Peter, through much pain and suffering, has come to know the voice of Jesus the Good Shepherd; and Tabitha, being called by name, is resurrected into the risen life of Jesus. They are following where Jesus has led.
The “where” of where Jesus leads is into the resurrection. We see here that resurrection is not just something that happened to Jesus because he was special, but that the resurrection is something that happens to each of us as we follow Jesus, the Good Shepherd, where he leads. The “where” of where Jesus leads is into resurrection.
Now, if the concept of resurrection leaves you scratching your head and feeling a little bit baffled, you are in good company.
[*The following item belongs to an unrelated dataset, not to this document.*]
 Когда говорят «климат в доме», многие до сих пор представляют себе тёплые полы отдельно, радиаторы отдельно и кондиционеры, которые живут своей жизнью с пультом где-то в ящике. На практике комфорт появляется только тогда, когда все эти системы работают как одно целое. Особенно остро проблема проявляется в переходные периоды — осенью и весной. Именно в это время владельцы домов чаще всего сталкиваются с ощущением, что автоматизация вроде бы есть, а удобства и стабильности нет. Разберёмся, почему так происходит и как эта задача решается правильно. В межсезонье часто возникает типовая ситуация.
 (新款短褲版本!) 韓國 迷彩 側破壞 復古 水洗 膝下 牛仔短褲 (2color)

We witness, along with the disciples, resurrection happening before our very eyes, and yet we can hardly believe our eyes. We sense that resurrection is not merely some eureka moment, not just some intellectual insight, but the speaking of our name, the taking of our hand, a fully sensorial experience of new life.
The life of Jesus – even and especially in his resurrection – has a wonderful physicality to it. The disciples touch the physical wounds of Christ, they eat fish and break bread with him on the beach. So, too, our experience of the resurrection will not be contained in thinking deep thoughts, our experience of the resurrected Christ will be in bread and wine blessed, broken, and given for us. Our experience of the risen Christ will be in our embrace of one another, proclaiming the the gospel in word and deed, continuing the incarnated resurrection of the Body of Christ.
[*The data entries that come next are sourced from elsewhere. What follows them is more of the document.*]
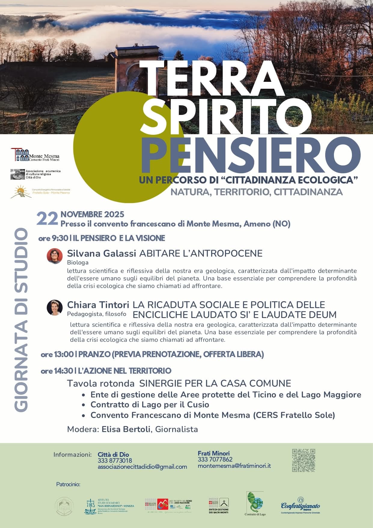 Sabato 22 novembre 2025, dalle ore 9:30, presso il convento francescano di Monte Mesma, ad Ameno (NO), si terrà la giornata di studio “Terra, Spirito, Pensiero – Un percorso di cittadinanza ecologica. Natura, territorio, cittadinanza”.
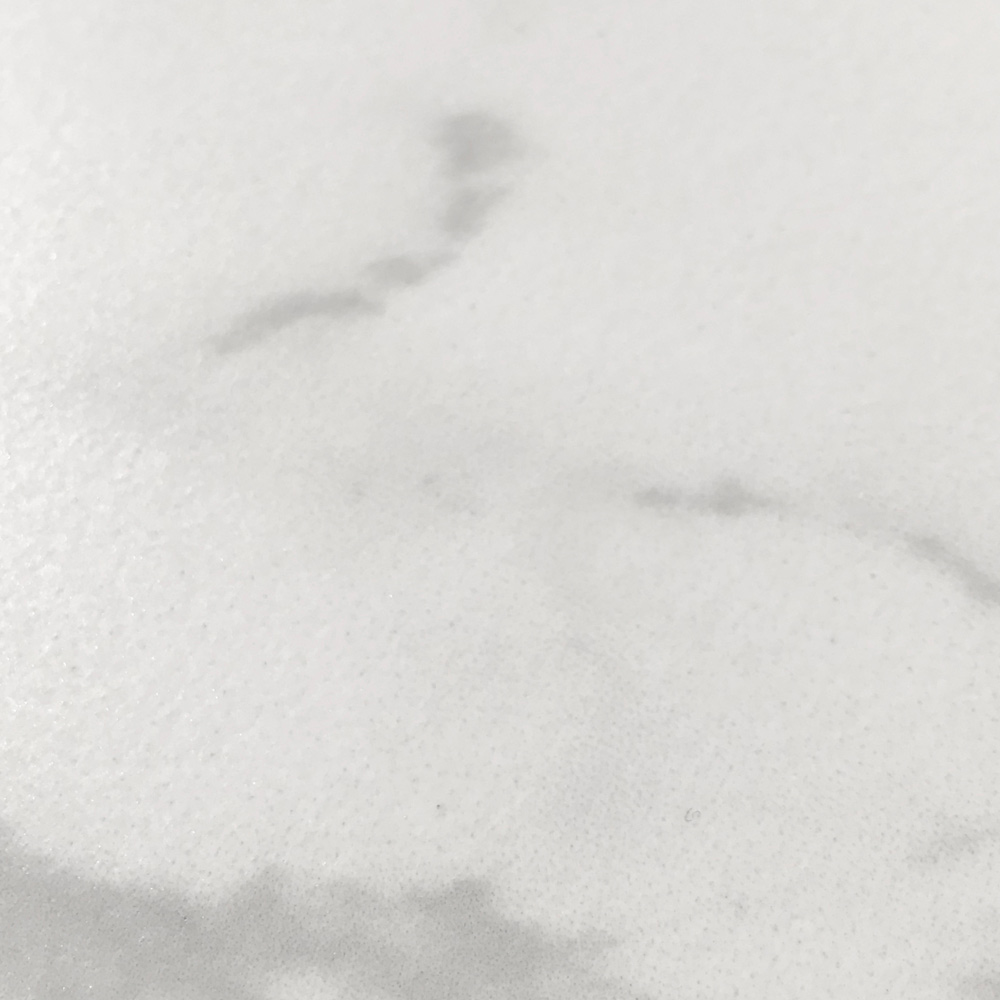 nástavcem umístěným pod deskou stolu z keramiky o tloušťce 6 mm s povrchem z matného bílého mramoru s otvorem "kniha" . úplně
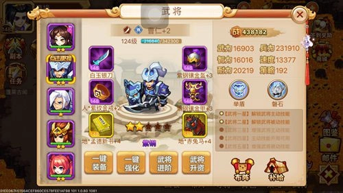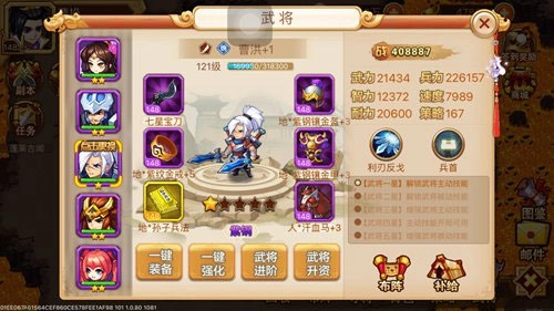 奖励装备:打五虎的武将选择方面,由于是平民萌新而非土豪玩家,推荐使用100级-120级的1星魏延、1星曹洪、1星曹仁、2星大乔搭配1星颜良(或文丑),或者1星魏延、1星曹洪、1星曹仁、1星许褚搭配2星大乔这两套组合。选将思路:通常玩一个多月后,除了许褚之外,其他武将基本都能获取;作为平民萌新,没有秒天秒地的实力,只能依靠猥琐的防守反弹战术通关,因此选将核心是多选带反弹技能的肉盾武将以及血量厚实的肉将,除了上述提到的武将外,周泰、于禁、小乔等也都是合适的选择。
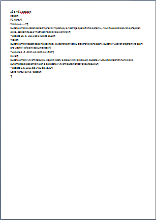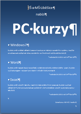 V tomto testu nelezneš dva soubory. Ten barevný je tvůj úkol - plakát na školení PC kurzy. Abys nemusel všechny texty vypisovat, což by jistě trvalo, stáhni si do počítače druhý soubor. Ten obsahuje textové podklady plakátu.
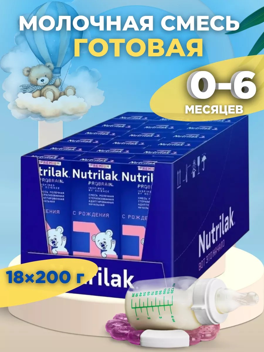 NUTRILAK Premium 1 Готовая Молочная Смесь Стерилизованная {с 0 до 6 мес} в наборе из 18 штук по 200мл адаптированная начальная для смешанного и искусственного вскармливания детей с первых дней жизни. Nutrilak Premium готовая - смесь с полно Цельным составом для полноценного развития. Натуральный молочный жир, содержит необходимые компоненты для правильного развития мозга и обмена веществ. Холестерин, необходимый в раннем возрасте для правильного "программирования" организма и защиты от сердечно-сосудистых заболеваний в будущем. Пальмитиновую кислоту, как в грудном молоке, в форме бета-пальмитата способствующую получению необходимой энергии, лучшему усвоению кальция и профилактике запоров. Молочный жир легко усваивается и является источником энергии для активного роста малыша. Смесь без пальмового и рапсового масла. Нуклеотиды - главные компоненты для формирования иммунной системы и созревания желудочно- кишечного тракта малыша. Сбалансированный витаминно-минеральный комплекс, разработанный специально с учетом потребностей детей первого года жизни.
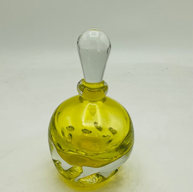 Sometimes it’s the simple things in life that are the best and the Tweak Bottle is a fine example of just that. It’s all about the glass...refraction and reflection. Intense colour against the solid clear base is ice like. Made using the traditional methods of hot glass in the old fashioned lead glass crystal these pieces are timeless. When you order let me know if you want the Cobalt Blue or Purple or Golden Yellow

If we find that we don’t “get” the resurrection, perhaps it is because following the Good Shepherd is less about thinking deep thoughts, and more like learning to swim by being thrown into the deep end. The truth is, resurrection typically involves drowning. In the deep waters of baptism, we are buried with Christ, and raised to newness of life. “So, also, consider yourselves dead to sin,” the Apostle Paul writes, “and alive in Jesus Christ our Lord.” Your resurrection may not be complete, but it has already begun. You, me, and God’s entire creation is a work in progress.
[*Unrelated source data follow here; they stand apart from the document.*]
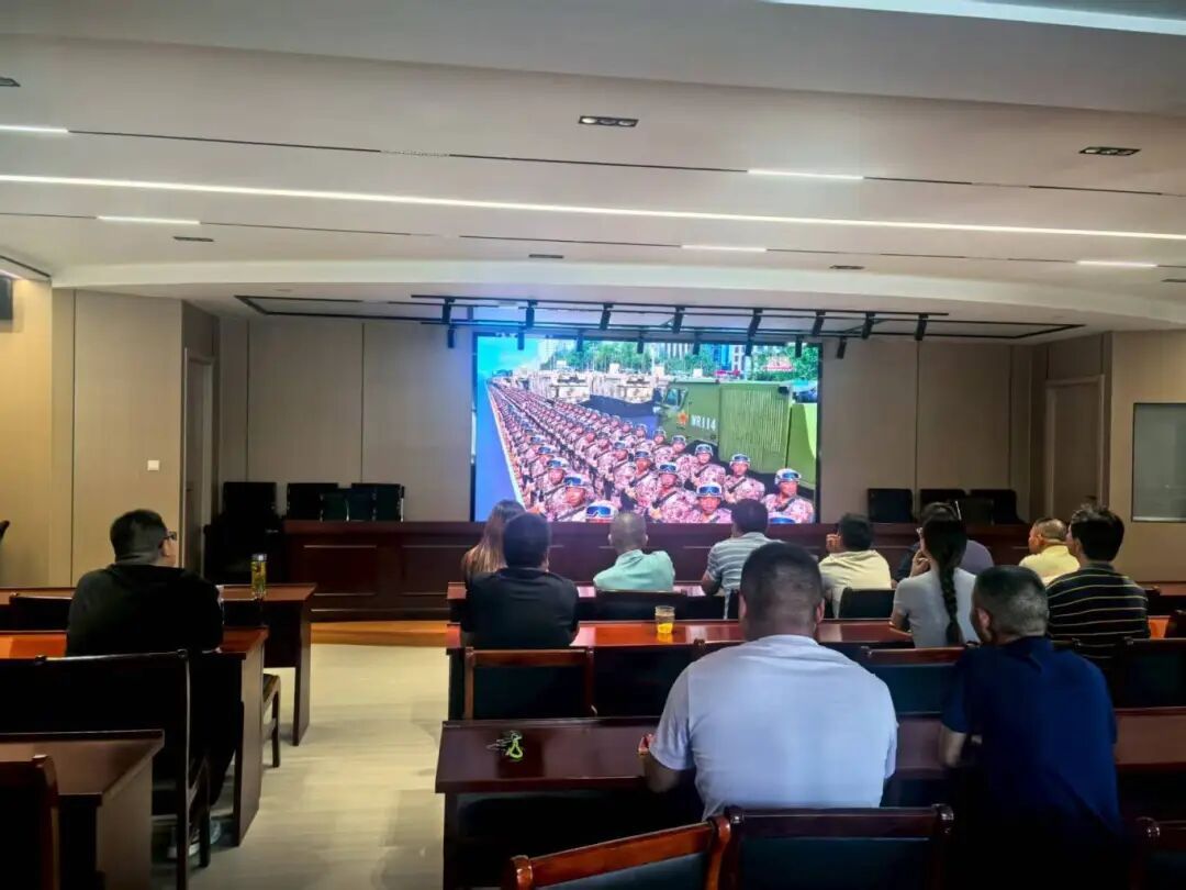 鎮(zhèn)江高新區(qū)商務(wù)局全體干部職工集中觀看紀念中國人民抗日戰(zhàn)爭暨世界反法西斯戰(zhàn)爭勝利80周年大會及閱兵儀式直播。此次活動是致敬歷史、緬懷先烈的一場重要典禮,展示了我國國防科技的強大實力,彰顯了中華民族捍衛(wèi)和平的堅定決心。觀看過程中,大家神情專注,沉浸式感受閱兵現(xiàn)場的莊嚴氛圍和磅礴氣勢,內(nèi)心深受震撼、倍感自豪。大家紛紛表示要傳承和弘揚偉大抗戰(zhàn)精神,將愛國熱情轉(zhuǎn)化為銳意進取的工作動力,以更加昂揚的姿態(tài)投身商務(wù)工作實踐,為高新區(qū)高質(zhì)量發(fā)展貢獻力量。
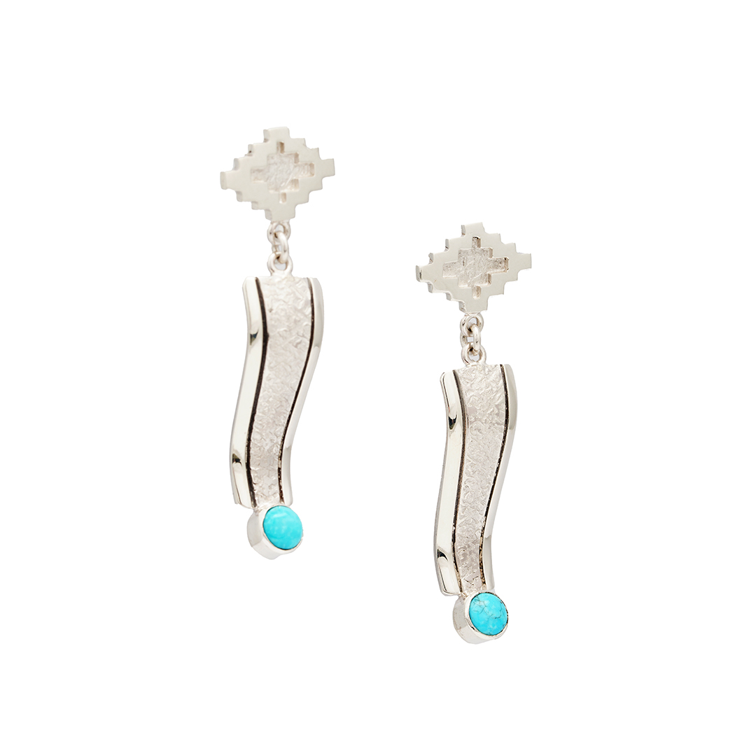 These sterling silver dangle earrings, handmade by Navajo silversmith Jonathan Mike, feature turquoise stones on the dangles. He designed them using elements from Navajo rugs. They are post-and-singed with “JM”, Jonathan Mike.
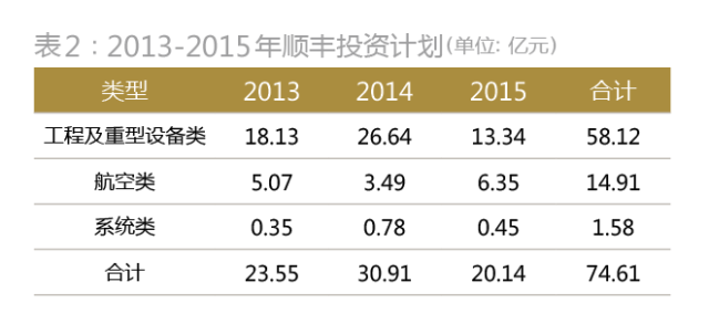 根据顺丰发展规划,顺丰未来在巩固并发展其主营快递业务的基础上,还将在航空货运、物流仓储、电子商务、金融支付等领域积极拓展,通过“三流合一”的整合服务实现转型升级。为实施这一规划,未来3年顺丰将投入75亿元(表2)。

When we are faced with an opportunity to forgive someone, or confronted with Jesus “in the least of these” will we know how to respond because we have been practicing resurrection? Will we fully absorb the words and taste the Lord’s resurrection in the Eucharist? Will we translate the liturgy into our living, the resurrection into reality?
What we do here in this sacred space is a template for our living out there in the world. What we do here matters profoundly, and has consequences for us beyond these doors. These words of blessing, grace, and peace that are spoken to us here, we are meant to speak to a world that is yearning to be heard. Practicing resurrection translates fear into hope, dominance into cooperation, anxiety into trust. The voice of Jesus, the Good Shepherd, speaks words of healing that make resurrection a reality.
In order to get up – to be resurrected – and go, we must first listen for the Good Shepherd, calling us each by name, and then follow out to where he leads.
May the risen life of our Lord be translated into the risen life of you, who are resurrected by name. Go forth in the name of Christ. Go forth in the name of the Good Shepherd, following where he leads. Alleluia, alleluia.